Extracted records:
########################################
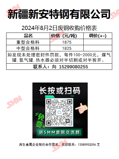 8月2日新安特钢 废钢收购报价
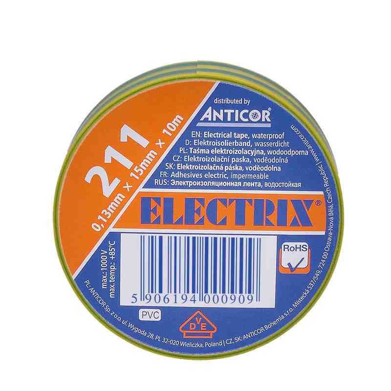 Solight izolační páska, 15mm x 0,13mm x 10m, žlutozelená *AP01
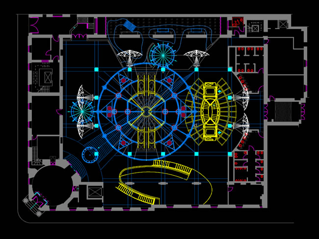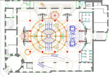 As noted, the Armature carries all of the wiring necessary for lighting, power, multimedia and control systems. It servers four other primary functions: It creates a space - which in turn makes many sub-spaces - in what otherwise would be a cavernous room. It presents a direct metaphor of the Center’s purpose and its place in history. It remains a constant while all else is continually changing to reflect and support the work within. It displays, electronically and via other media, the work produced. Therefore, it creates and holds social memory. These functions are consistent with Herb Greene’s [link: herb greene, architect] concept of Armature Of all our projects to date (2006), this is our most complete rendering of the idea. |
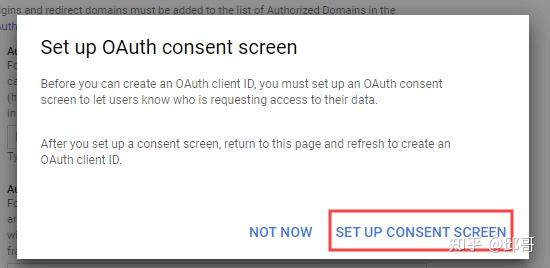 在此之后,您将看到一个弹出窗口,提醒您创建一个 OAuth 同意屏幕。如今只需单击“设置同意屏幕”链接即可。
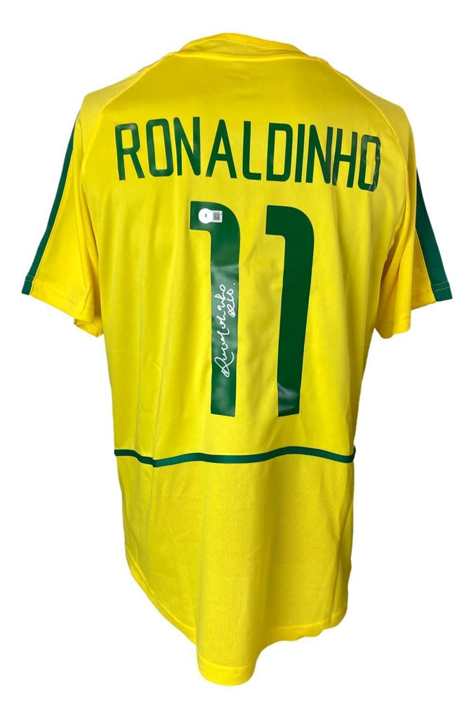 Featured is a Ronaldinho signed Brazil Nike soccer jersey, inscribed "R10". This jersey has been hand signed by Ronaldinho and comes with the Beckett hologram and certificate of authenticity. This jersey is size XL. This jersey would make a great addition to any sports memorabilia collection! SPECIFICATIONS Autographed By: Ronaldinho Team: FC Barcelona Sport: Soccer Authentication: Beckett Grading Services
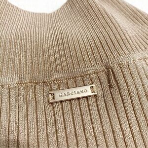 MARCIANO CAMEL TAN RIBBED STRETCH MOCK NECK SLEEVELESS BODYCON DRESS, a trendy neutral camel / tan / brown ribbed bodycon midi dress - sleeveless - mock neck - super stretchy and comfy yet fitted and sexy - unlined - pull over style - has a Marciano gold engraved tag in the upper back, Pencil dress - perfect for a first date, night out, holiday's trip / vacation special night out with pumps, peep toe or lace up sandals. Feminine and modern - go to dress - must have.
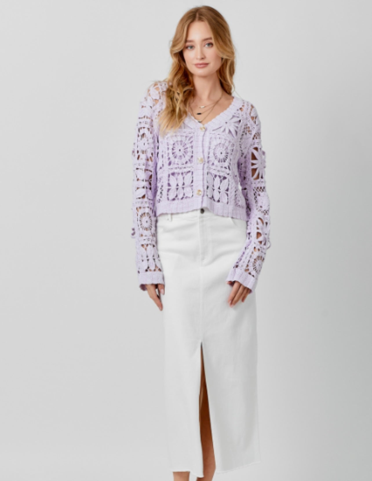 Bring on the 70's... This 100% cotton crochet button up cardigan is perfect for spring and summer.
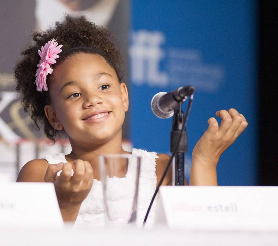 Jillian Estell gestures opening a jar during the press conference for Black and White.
########################################
- [Exercise goal]:
The job here is to write out the records exactly, pictures excluded.

- [Task solution]:
 8月2日新安特钢 废钢收购报价
 Solight izolační páska, 15mm x 0,13mm x 10m, žlutozelená *AP01
 As noted, the Armature carries all of the wiring necessary for lighting, power, multimedia and control systems. It servers four other primary functions: It creates a space - which in turn makes many sub-spaces - in what otherwise would be a cavernous room. It presents a direct metaphor of the Center’s purpose and its place in history. It remains a constant while all else is continually changing to reflect and support the work within. It displays, electronically and via other media, the work produced. Therefore, it creates and holds social memory. These functions are consistent with Herb Greene’s [link: herb greene, architect] concept of Armature Of all our projects to date (2006), this is our most complete rendering of the idea. |
 在此之后,您将看到一个弹出窗口,提醒您创建一个 OAuth 同意屏幕。如今只需单击“设置同意屏幕”链接即可。
 Featured is a Ronaldinho signed Brazil Nike soccer jersey, inscribed "R10". This jersey has been hand signed by Ronaldinho and comes with the Beckett hologram and certificate of authenticity. This jersey is size XL. This jersey would make a great addition to any sports memorabilia collection! SPECIFICATIONS Autographed By: Ronaldinho Team: FC Barcelona Sport: Soccer Authentication: Beckett Grading Services
 MARCIANO CAMEL TAN RIBBED STRETCH MOCK NECK SLEEVELESS BODYCON DRESS, a trendy neutral camel / tan / brown ribbed bodycon midi dress - sleeveless - mock neck - super stretchy and comfy yet fitted and sexy - unlined - pull over style - has a Marciano gold engraved tag in the upper back, Pencil dress - perfect for a first date, night out, holiday's trip / vacation special night out with pumps, peep toe or lace up sandals. Feminine and modern - go to dress - must have.
 Bring on the 70's... This 100% cotton crochet button up cardigan is perfect for spring and summer.
 Jillian Estell gestures opening a jar during the press conference for Black and White.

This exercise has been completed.